Town Topics — Princeton's Weekly Community Newspaper Since 1946.
Vol. LXV, No. 1
Happy New Year!
Wednesday, January 5, 2011

Baseline Report Expected Next Monday, Consolidation Commission Looks Ahead

Dilshanie Perera

The Joint Consolidation and Shared Services Study Commission expects a baseline report from its consultant, the Center for Governmental Research (CGR), by next Monday at the latest. The report will provide data and a preliminary analysis of the status of departments within the Borough and Township in terms of finances and operations and will be posted to cgr.org/princeton.

While this particular report will not make a recommendation for or against full municipal consolidation versus shared services, it will pave the way for future action. Commission Chair Anton Lahnston said that the five subcommittees focusing on finances, full municipal consolidation, the police departments, the public works departments, and community engagement, respectively, will be able to make informed decisions for future analysis and further engagement with the distribution of the report.

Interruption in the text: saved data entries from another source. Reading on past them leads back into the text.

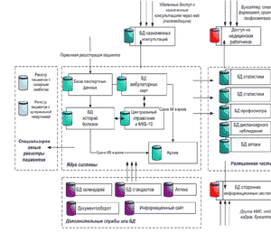 Вторым важным решением явился отказ от проектирования базы данных МИС по функциональному назначению, когда для отдельной задачи (например, подсистема лабора-тории, функциональной диагностики, консультационная и т. д.) создавалась своя база дан-ных. Хотя такой подход имеет ряд преимуществ, главным из которого является снижение требований к аппаратной мощности сервера за счет разделения потоков пользовательских запросов к отдельным БД. Однако было избрано проектирование БД МИС таким способом, что вся информация собиралась вокруг пациента и хранилась физически в одной БД.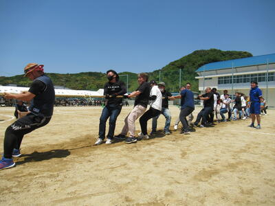 各色別に綱引きチームが出場し、保護者チームと試合を行いました。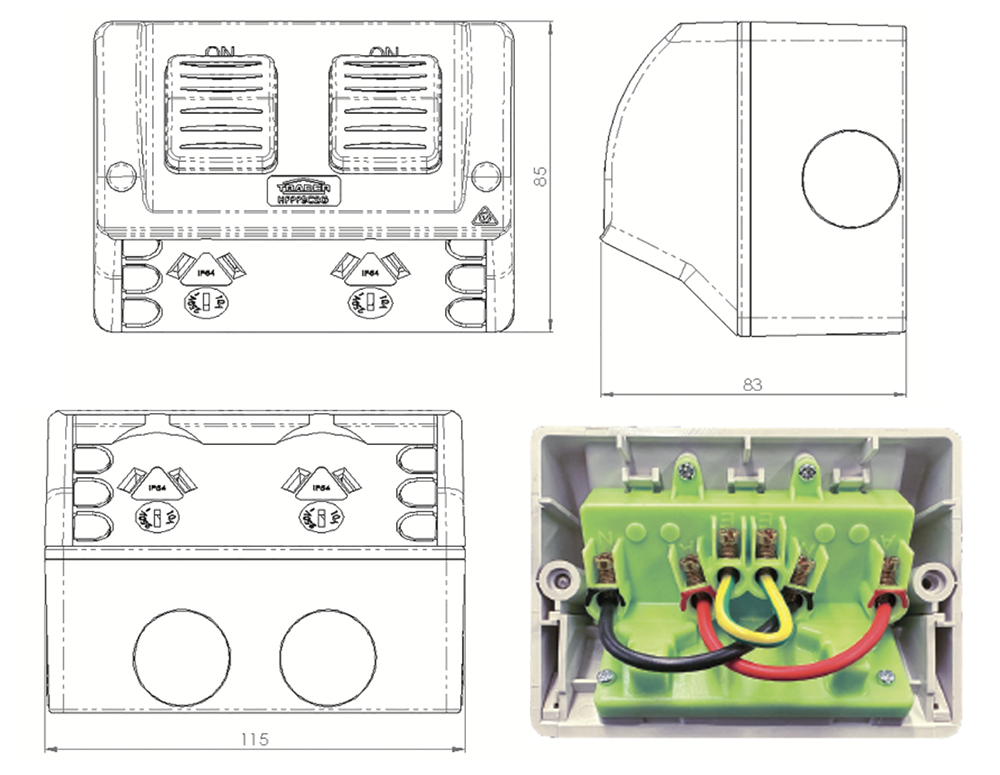 • Other features of the product include the removable caps adjacent to the socket faces that are designed to be replaced with IPA studs for easy circuit identification. This helps to speed up any circuit ID process as the hole positions are available from removing the existing plugs and will maintain the IP54 rating when replaced with the IPA stud.
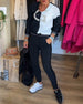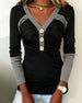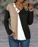 V-Neck Contrast Solid Color Long-Sleeved Top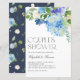nodigt gasten uit voor uw evenement met deze aanpasbare florale paren douche stationery-uitnodiging. Het bevat een waterverf boeket van blauwe hydrangeas, witte rozen en groene accenten. Pas deze hydrangea-paren aan door naam, tijd, datum en andere gebeurtenisdetails toe te voegen. Deze botanische doucheuitnodiging voor paren is perfect voor de douches van de lente, de douches van winterparen en de douche van tuinparen.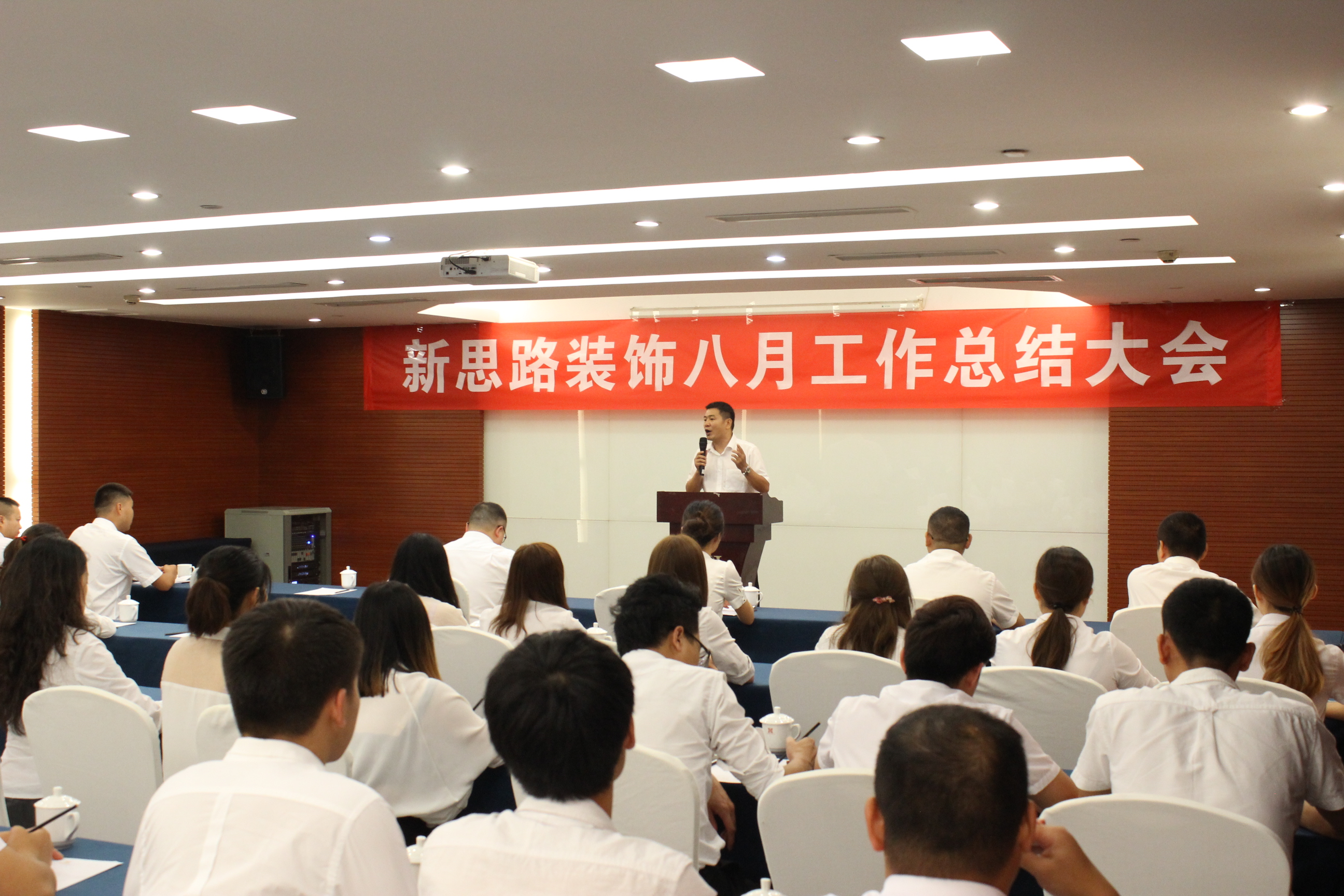 2017年9月1日,雨洗山城,金秋气爽,ANBO.COM在学豪酒店隆重举行了8月工作总结大会。来自公司总经办、运营部、南坪店、北红星店、巴南店、工程部等店面部门的100多名员工聚集一堂,共同回顾8月的硕果累累,展望9月的无限生机。

Each of the subcommittees have met on several occasions to prepare for the next few months of data gathering. The Finance group has already considered preliminary documents, and will continue to provide feedback to CGR, Mr. Lahnston noted, while the municipal consolidation group will have to wait for more data to begin making recommendations.

Likewise, the police subcommittee’s “work will pick up once the baseline report is issued,” regarding what “some of the opportunities and some of the options” are for collaborations among the departments, Mr. Lahnston remarked, pointing out that the subcommittee chair Bill Metro has expertise in information systems within police departments. “That knowledge is not a terribly common thing,” he noted.

Both the police and public works groups will make site visits and interview the leadership of each department, and meetings are scheduled for later this month, according to Mr. Lahnston. The public works subcommittee has also been tasked with analyzing the Sewer Operating Commission and the Borough’s parking operation.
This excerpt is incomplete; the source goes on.